UNITED STATES OF AMERICA,

                                                              Plaintiff-Appellee,

                                 versus

VERNARD JERICHO PEARSEY,

                                                         Defendant-Appellant.

                      ________________________

               Appeal from the United States District Court
                  for the Southern District of Georgia
                     ________________________

                              (July 3, 2017)

Before TJOFLAT, WILLIAM PRYOR, and EDMONDSON, Circuit Judges.
              Case: 16-17378     Date Filed: 07/03/2017    Page: 2 of 6

PER CURIAM:

      Vernard Jericho Pearsey appeals his 180-month sentence for one count of

felon in possession of a firearm. On appeal, Pearsey argues that his prior Georgia

burglary convictions do not qualify as predicate violent felonies under the Armed

Career Criminal Act (“ACCA”). He argues that Georgia’s burglary statute is

indivisible because it includes any type of building, vehicles, railroad cars,

watercraft, or any structure used as a dwelling, and lists those locations as

alternative means of committing burglary, rather than alternative elements.

      We review de novo whether a prior conviction is a violent felony within the

meaning of the ACCA. United States v. Howard, 742 F.3d 1334, 1341 (11th Cir.

2014).

      Under the ACCA, a defendant convicted of being a felon in possession of a

firearm who has 3 or more prior convictions for a “serious drug offense” or

“violent felony” faces a mandatory minimum 15-year sentence. See 18 U.S.C.

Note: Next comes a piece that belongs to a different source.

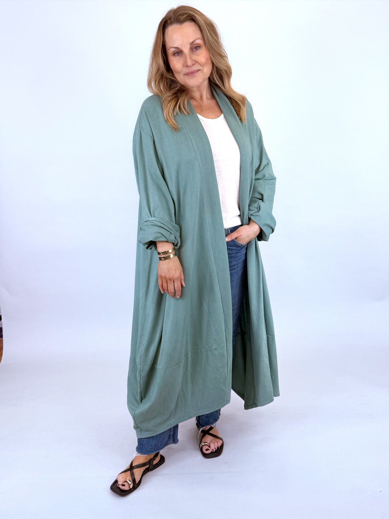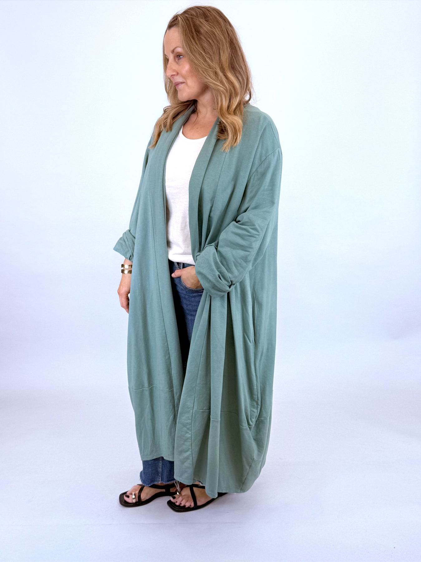 Made in Italy Alice Cocoon Duster Cardigan | Coastal Green

§ 924(e)(1). The ACCA defines a violent felony as a crime punishable by a term

of imprisonment exceeding one year that

      (i) has as an element the use, attempted use, or threatened use of
      physical force against the person of another; or

      (ii) is burglary, arson, or extortion, involves use of explosives, or
      otherwise involves conduct that presents a serious potential risk of
      physical injury to another.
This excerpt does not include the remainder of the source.